Click to jump to the Elastic Search column directory

ElasticSearch is a distributed document retrieval engine developed in the Java language. Document storage is also supported, and instead of storing information as column data like SQL, it stores complex data structures of serialized JSON documents. ElasticSearch also supports cluster deployment. If there are multiple ElasticSearch nodes in a cluster, the stored documents are distributed across the cluster and can be accessed immediately from any node.

ElasticSearch is a Lucene based search server that provides a standard RESTful Web interface and is distributed as open source under the Apache license.

Related terminology conventions

  • Shard: shard
  • Primary shard: Primary shard
  • Replica Shard
  • Shard copy: A shard in the index data, regardless of primary or secondary shards
  • Fragment configuration: Shard Allocation
  • Cluster status: Cluster state
  • Allocation decision: Allocation decision
  • Allocation awareness: Allocation Awareness
  • Allocation IDs: Allocation IDs
  • Tracking: tracking
  • Transaction log: Translog
  • Synchronization set: in-sync set

Understand ES meta fields and concepts

For example, the _index, _type, and _id fields are used to identify a document. For example, the _index, _type, and _id fields are used to identify a document.

  • _index: logical namespace that points to one or more physical shards
  • _type: meta-field identification of different subdivisions of data in the same set
  • _ID: indicates a unique identifier

A Relational Database Management System (RDBMS) reference is used for beginners to help understand these meta-fields, understanding _index as a Database and _type as a table, but in ES, When you delete the _type, you do not free the memory space, and the existence of the meta field is meaningless, so in 6. After the version, only one _type field exists, which will be deleted in 7. Therefore, we should use _index as the delete unit when releasing data.

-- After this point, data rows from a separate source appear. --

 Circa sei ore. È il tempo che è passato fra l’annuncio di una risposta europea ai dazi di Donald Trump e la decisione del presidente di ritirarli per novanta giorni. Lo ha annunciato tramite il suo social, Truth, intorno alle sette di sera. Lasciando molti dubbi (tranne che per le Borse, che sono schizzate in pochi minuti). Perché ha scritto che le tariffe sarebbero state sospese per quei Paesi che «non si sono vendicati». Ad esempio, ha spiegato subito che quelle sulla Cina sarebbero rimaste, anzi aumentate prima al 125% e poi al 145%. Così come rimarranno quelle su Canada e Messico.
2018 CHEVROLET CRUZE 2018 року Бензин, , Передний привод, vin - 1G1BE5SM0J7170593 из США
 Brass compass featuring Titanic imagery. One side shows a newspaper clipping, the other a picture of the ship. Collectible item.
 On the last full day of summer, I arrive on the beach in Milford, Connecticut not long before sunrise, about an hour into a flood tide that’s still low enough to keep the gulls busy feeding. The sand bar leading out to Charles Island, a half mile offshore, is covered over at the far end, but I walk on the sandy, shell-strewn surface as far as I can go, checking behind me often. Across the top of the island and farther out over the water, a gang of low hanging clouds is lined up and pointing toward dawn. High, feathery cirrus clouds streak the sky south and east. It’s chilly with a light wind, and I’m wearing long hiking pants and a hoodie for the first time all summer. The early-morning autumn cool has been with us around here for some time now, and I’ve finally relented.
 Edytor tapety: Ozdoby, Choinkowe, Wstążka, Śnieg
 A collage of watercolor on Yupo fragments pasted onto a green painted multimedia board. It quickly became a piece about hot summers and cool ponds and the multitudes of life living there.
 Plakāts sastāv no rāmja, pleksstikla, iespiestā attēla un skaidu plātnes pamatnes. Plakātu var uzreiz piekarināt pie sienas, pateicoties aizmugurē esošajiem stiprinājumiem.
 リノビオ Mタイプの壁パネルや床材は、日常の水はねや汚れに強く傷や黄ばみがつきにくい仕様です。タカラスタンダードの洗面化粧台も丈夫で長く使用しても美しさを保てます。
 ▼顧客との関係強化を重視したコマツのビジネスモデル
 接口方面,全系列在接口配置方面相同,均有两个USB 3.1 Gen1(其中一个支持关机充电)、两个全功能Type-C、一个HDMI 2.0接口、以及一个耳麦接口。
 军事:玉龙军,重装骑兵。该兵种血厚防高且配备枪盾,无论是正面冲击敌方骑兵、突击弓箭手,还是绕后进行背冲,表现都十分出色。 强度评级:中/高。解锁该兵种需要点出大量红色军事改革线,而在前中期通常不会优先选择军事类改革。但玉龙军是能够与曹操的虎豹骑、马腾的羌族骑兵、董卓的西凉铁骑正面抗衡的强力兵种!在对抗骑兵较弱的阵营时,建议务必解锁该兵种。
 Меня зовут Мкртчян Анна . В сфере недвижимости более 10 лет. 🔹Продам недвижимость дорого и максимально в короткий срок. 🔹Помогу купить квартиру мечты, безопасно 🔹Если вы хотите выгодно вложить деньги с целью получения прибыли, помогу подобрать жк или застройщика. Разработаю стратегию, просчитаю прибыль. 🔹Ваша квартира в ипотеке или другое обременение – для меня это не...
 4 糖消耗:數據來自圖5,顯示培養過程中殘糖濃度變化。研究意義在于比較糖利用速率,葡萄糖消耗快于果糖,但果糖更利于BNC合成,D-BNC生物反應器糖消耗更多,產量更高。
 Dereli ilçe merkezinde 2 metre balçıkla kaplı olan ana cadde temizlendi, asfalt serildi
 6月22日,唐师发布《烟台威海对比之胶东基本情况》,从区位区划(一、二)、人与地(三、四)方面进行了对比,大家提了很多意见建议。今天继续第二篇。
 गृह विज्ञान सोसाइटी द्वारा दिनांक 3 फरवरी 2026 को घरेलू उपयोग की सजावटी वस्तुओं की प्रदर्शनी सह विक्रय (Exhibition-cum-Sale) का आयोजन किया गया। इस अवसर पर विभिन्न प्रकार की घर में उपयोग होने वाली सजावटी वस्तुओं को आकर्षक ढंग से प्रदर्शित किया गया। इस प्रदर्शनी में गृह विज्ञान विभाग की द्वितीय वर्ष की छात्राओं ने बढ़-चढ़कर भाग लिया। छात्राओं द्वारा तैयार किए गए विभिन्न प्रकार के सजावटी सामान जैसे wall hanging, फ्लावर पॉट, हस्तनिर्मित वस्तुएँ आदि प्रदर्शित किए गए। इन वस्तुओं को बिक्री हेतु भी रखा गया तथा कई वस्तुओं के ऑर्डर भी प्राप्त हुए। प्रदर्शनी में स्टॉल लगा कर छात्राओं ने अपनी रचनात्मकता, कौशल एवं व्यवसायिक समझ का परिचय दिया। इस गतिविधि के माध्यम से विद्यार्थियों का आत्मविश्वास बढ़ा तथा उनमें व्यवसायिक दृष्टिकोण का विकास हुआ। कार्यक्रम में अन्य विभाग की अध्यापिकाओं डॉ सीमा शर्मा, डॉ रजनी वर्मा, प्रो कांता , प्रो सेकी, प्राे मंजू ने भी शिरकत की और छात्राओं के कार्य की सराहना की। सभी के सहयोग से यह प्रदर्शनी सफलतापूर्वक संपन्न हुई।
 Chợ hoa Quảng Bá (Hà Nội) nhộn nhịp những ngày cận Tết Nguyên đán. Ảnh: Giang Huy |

Cluster Status Description

  • Green: All primary and secondary shards are healthy
  • Yellow: All primary shards are running properly, but not all secondary shards are running properly, indicating a single point of failure
  • Red: Master shard is not running properly

Of course, this state also exists in the state description between indexes. If a sub-shard is modified under an index, the index to which the fragment belongs and the whole cluster will become Yellow, while other indexes remain in the original state.

Shard relationship

In order to deal with the problem of concurrent update, ES adopts the master-slave mode. The data of the master shard is regarded as the authoritative data, and the writing process is written to the master shard first, and then to the deputy shard after successful execution. In the data recovery stage, the data of the master shard is also taken as the benchmark.

Where, the relationship between data sharding and data copy is as follows:

In ES, sharding is the basic read and write unit at the bottom level. Its function is to divide huge index data so that read and write operations can be executed in parallel. Therefore, the inclusion relation between index and sharding is as follows:An ES index contains many fragments, a fragment is a Lucene index, a Lucene index contains many fragments, a fragment is composed of multiple inverted indexes, an inverted index contains several document data, a document data is composed of several words, Word is the final result of word segmentation and language processing.

Real time of ES

In ES, for the concept of real time, is actually a second level the concept of synchronous data, for example when you write data query immediately (less than 1 second) set the query time, you will be less than the data query, because you write ES the existence of the data in the temporary a cache, in the second level units unified written ES memory, Therefore, in many cases, when data is queried immediately after being written, the illusion of data writing failure exists.

ES Word Analyzer

The function of a word splitter is to cut and separate words in the text according to certain rules, corresponding to the Analyzer class, which is an abstract base class. The specific rules of word splitter are realized by subclass inheritance, so different word splitters are needed for different languages. The tokenizers are used in both index creation and data search, and the tokenizers used must be uniform, otherwise the data retrieval will be empty.

Built-in word segmentation:

tokenizer logical name description
standard tokenizer standard
edge ngram tokenizer edgeNGram
keyword tokenizer keyword Regardless of the word
letter analyzer letter According to the word points
lowercase analyzer lowercase letter tokenizer, lower case filter
ngram analyzers nGram
whitespace analyzer whitespace Split with a space separator
pattern analyzer pattern Defines a regular expression for delimiters
uax email url analyzer uax_url_email Do not split URL and email
path hierarchy analyzer path_hierarchy Handles strings similar to path/to/somthing
Among these built-in participles and others,
For example,IK participle.
This word splitter has a good effect on Chinese word segmentation,
Many users are not satisfied with the Chinese word segmentation effect of the official word segmentation machine.
But IK solves this problem.

When the available environment is available, the relevant features of ES and related operations will be shown in the way of practical screenshot.